Bajaj Goonmeet, Nguyen Vinh, Wijesiriwardene Thilini, Yip Hong Yung, Javangula Vishesh, Parthasarathy Srinivasan, Sheth Amit, Bodenreider Olivier
The Ohio State University.
National Library of Medicine.
Proc Conf Assoc Comput Linguist Meet. 2022 May;2022:82-87. doi: 10.18653/v1/2022.insights-1.11.

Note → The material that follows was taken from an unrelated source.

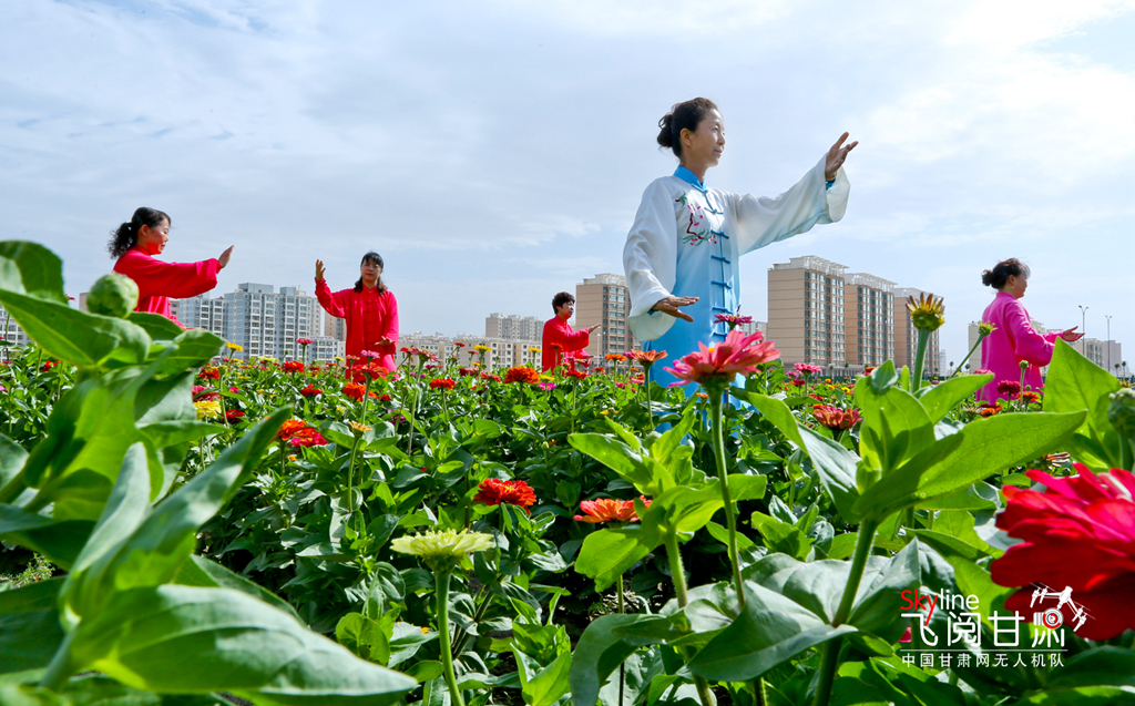 7月8日清(qing)晨,甘(gan)肅張掖甘(gan)州(zhou)區順祥(xiang)名苑(yuan)小(xiao)區南側的(de)123畝裸露土地(di)綠化(hua)美(mei)化(hua)點(dian)上,各種(zhong)鮮花競相綻放,花香(xiang)四(si)溢,綠意盎(ang)然(ran),太極拳練(lian)習(xi)愛好者(zhe)正(zheng)在練(lian)習(xi)太極拳。

Recent work uses a Siamese Network, initialized with BioWordVec embeddings (distributed word embeddings), for predicting synonymy among biomedical terms to automate a part of the UMLS (Unified Medical Language System) Metathesaurus construction process. We evaluate the use of contextualized word embeddings extracted from nine different biomedical BERT-based models for synonymy prediction in the UMLS by replacing BioWordVec embeddings with embeddings extracted from each biomedical BERT model using different feature extraction methods. Surprisingly, we find that Siamese Networks initialized with BioWordVec embeddings still outperform the Siamese Networks initialized with embedding extracted from biomedical BERT model.
最近的工作使用了一个以BioWordVec嵌入(分布式词嵌入)初始化的暹罗网络,用于预测生物医学术语之间的同义词,以自动化统一医学语言系统(UMLS)元词库构建过程的一部分。我们通过使用不同特征提取方法从每个生物医学BERT模型中提取的嵌入替换BioWordVec嵌入,评估了从九个不同的基于生物医学BERT的模型中提取的上下文词嵌入在UMLS中进行同义词预测的情况。令人惊讶的是,我们发现以BioWordVec嵌入初始化的暹罗网络仍然优于以从生物医学BERT模型中提取的嵌入初始化的暹罗网络。